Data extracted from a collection

◆ ◆ ◆ ◆ ◆

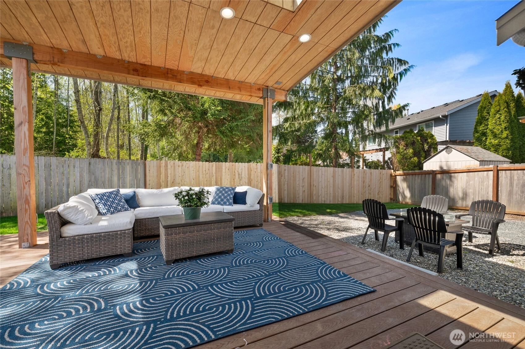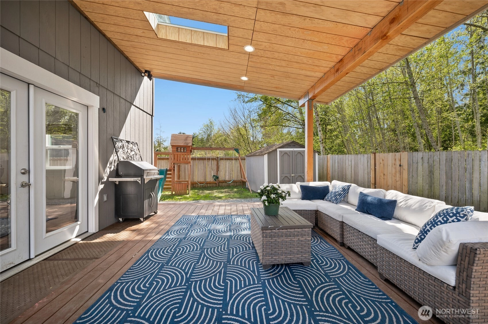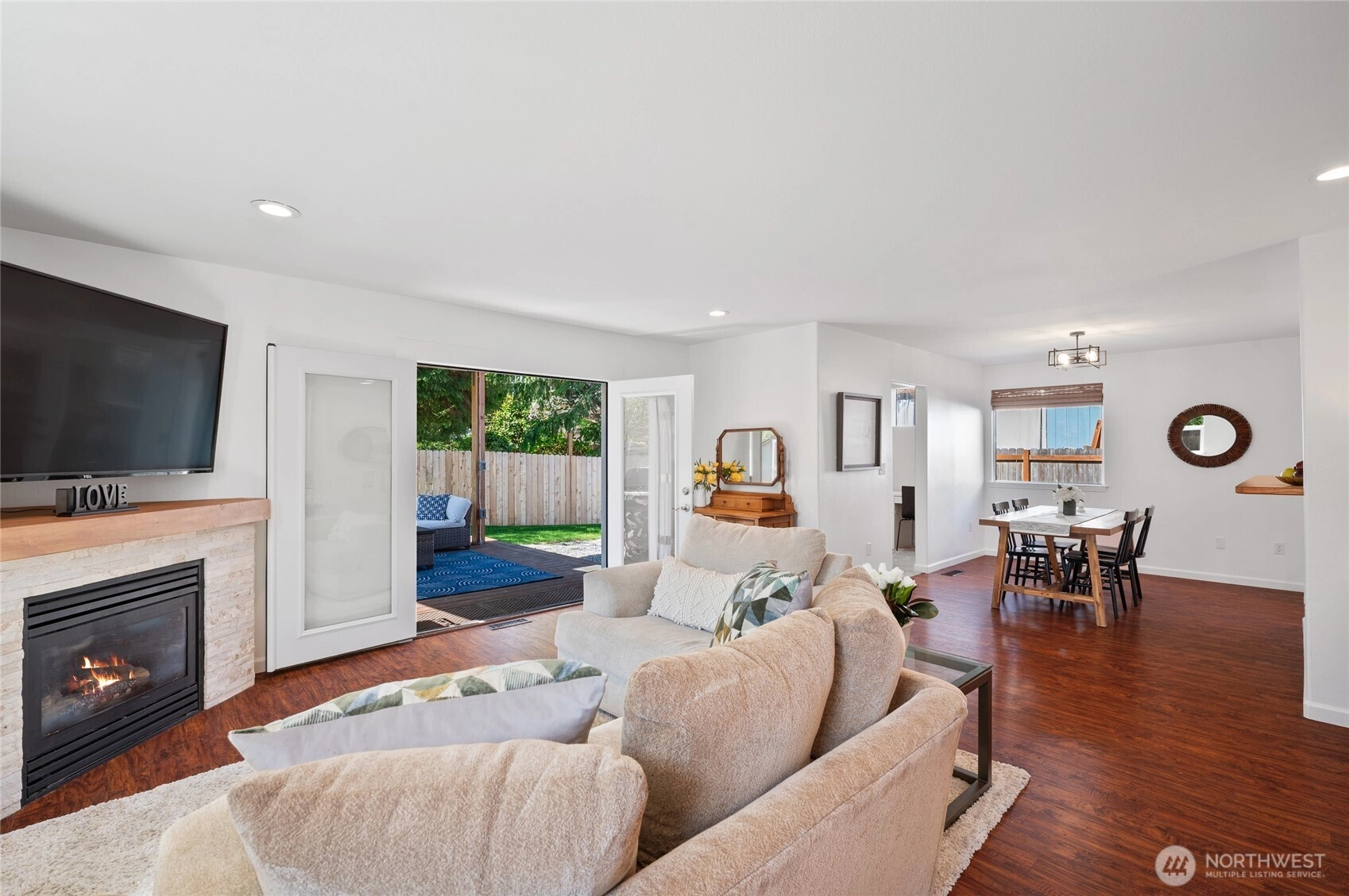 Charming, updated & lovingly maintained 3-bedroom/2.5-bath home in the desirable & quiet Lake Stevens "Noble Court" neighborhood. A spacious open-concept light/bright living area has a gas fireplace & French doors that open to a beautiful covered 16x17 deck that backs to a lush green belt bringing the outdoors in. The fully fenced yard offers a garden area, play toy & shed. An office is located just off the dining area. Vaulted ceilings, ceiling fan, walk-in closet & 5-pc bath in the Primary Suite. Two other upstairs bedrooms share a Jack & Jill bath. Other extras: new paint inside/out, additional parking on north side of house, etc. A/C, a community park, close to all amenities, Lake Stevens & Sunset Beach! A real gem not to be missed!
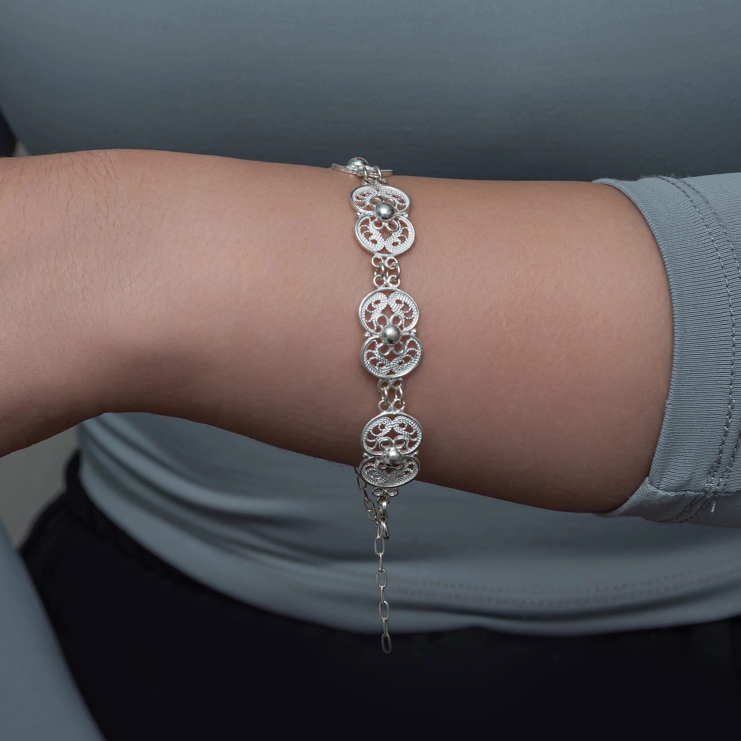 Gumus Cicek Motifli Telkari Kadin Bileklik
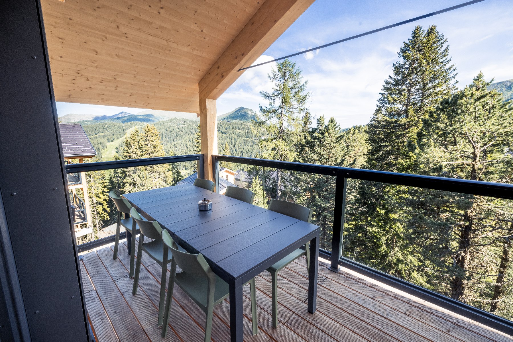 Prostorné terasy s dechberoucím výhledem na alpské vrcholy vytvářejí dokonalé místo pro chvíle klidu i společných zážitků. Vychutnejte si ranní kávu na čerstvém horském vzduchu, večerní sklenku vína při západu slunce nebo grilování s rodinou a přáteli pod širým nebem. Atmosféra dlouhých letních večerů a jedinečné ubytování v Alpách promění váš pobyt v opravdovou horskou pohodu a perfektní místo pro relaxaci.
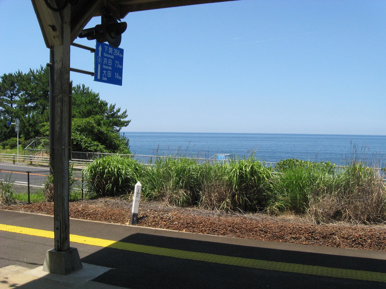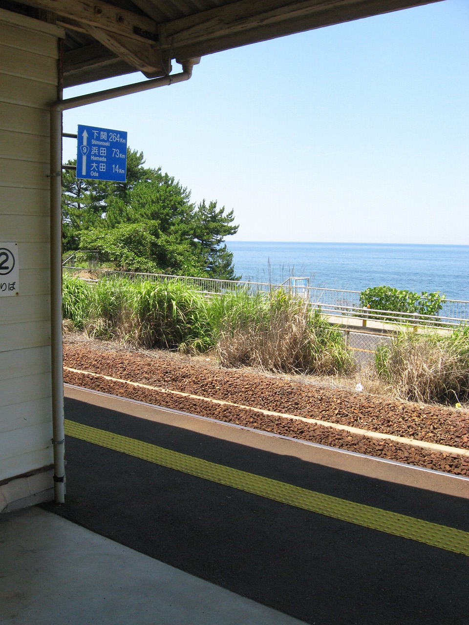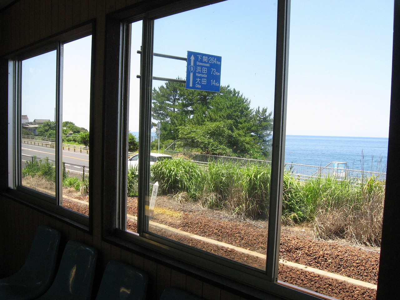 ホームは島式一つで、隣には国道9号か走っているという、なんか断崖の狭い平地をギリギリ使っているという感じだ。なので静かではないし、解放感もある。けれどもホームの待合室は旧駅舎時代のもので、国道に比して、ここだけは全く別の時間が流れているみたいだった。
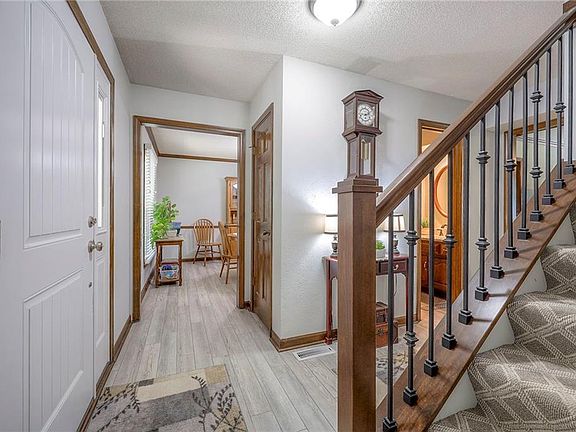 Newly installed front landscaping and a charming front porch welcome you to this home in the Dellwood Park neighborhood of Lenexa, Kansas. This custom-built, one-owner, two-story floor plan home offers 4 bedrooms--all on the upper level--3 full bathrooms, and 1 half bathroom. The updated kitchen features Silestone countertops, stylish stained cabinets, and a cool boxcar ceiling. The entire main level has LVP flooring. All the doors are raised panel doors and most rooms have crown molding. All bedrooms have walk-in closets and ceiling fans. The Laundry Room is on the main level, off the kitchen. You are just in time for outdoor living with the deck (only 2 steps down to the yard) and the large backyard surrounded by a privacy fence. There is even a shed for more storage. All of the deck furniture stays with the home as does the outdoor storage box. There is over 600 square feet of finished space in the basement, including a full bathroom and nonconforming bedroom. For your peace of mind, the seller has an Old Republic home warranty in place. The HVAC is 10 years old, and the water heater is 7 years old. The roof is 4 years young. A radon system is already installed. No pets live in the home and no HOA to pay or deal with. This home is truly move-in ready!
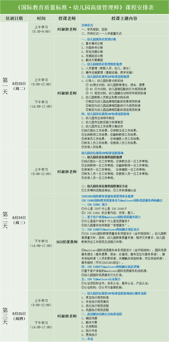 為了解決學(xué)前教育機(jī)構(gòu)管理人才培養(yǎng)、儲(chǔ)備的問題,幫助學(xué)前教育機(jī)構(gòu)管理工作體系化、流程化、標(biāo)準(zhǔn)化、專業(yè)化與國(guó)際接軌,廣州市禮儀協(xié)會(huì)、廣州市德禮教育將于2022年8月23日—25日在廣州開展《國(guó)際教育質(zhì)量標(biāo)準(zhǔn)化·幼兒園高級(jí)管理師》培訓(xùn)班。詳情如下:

◆ ◆ ◆ ◆ ◆

### [Brief]
Every record must be transcribed faithfully, with no picture carried over.

### [The answer]
 Charming, updated & lovingly maintained 3-bedroom/2.5-bath home in the desirable & quiet Lake Stevens "Noble Court" neighborhood. A spacious open-concept light/bright living area has a gas fireplace & French doors that open to a beautiful covered 16x17 deck that backs to a lush green belt bringing the outdoors in. The fully fenced yard offers a garden area, play toy & shed. An office is located just off the dining area. Vaulted ceilings, ceiling fan, walk-in closet & 5-pc bath in the Primary Suite. Two other upstairs bedrooms share a Jack & Jill bath. Other extras: new paint inside/out, additional parking on north side of house, etc. A/C, a community park, close to all amenities, Lake Stevens & Sunset Beach! A real gem not to be missed!
 Gumus Cicek Motifli Telkari Kadin Bileklik
 Prostorné terasy s dechberoucím výhledem na alpské vrcholy vytvářejí dokonalé místo pro chvíle klidu i společných zážitků. Vychutnejte si ranní kávu na čerstvém horském vzduchu, večerní sklenku vína při západu slunce nebo grilování s rodinou a přáteli pod širým nebem. Atmosféra dlouhých letních večerů a jedinečné ubytování v Alpách promění váš pobyt v opravdovou horskou pohodu a perfektní místo pro relaxaci.
 ホームは島式一つで、隣には国道9号か走っているという、なんか断崖の狭い平地をギリギリ使っているという感じだ。なので静かではないし、解放感もある。けれどもホームの待合室は旧駅舎時代のもので、国道に比して、ここだけは全く別の時間が流れているみたいだった。
 Newly installed front landscaping and a charming front porch welcome you to this home in the Dellwood Park neighborhood of Lenexa, Kansas. This custom-built, one-owner, two-story floor plan home offers 4 bedrooms--all on the upper level--3 full bathrooms, and 1 half bathroom. The updated kitchen features Silestone countertops, stylish stained cabinets, and a cool boxcar ceiling. The entire main level has LVP flooring. All the doors are raised panel doors and most rooms have crown molding. All bedrooms have walk-in closets and ceiling fans. The Laundry Room is on the main level, off the kitchen. You are just in time for outdoor living with the deck (only 2 steps down to the yard) and the large backyard surrounded by a privacy fence. There is even a shed for more storage. All of the deck furniture stays with the home as does the outdoor storage box. There is over 600 square feet of finished space in the basement, including a full bathroom and nonconforming bedroom. For your peace of mind, the seller has an Old Republic home warranty in place. The HVAC is 10 years old, and the water heater is 7 years old. The roof is 4 years young. A radon system is already installed. No pets live in the home and no HOA to pay or deal with. This home is truly move-in ready!
 為了解決學(xué)前教育機(jī)構(gòu)管理人才培養(yǎng)、儲(chǔ)備的問題,幫助學(xué)前教育機(jī)構(gòu)管理工作體系化、流程化、標(biāo)準(zhǔn)化、專業(yè)化與國(guó)際接軌,廣州市禮儀協(xié)會(huì)、廣州市德禮教育將于2022年8月23日—25日在廣州開展《國(guó)際教育質(zhì)量標(biāo)準(zhǔn)化·幼兒園高級(jí)管理師》培訓(xùn)班。詳情如下:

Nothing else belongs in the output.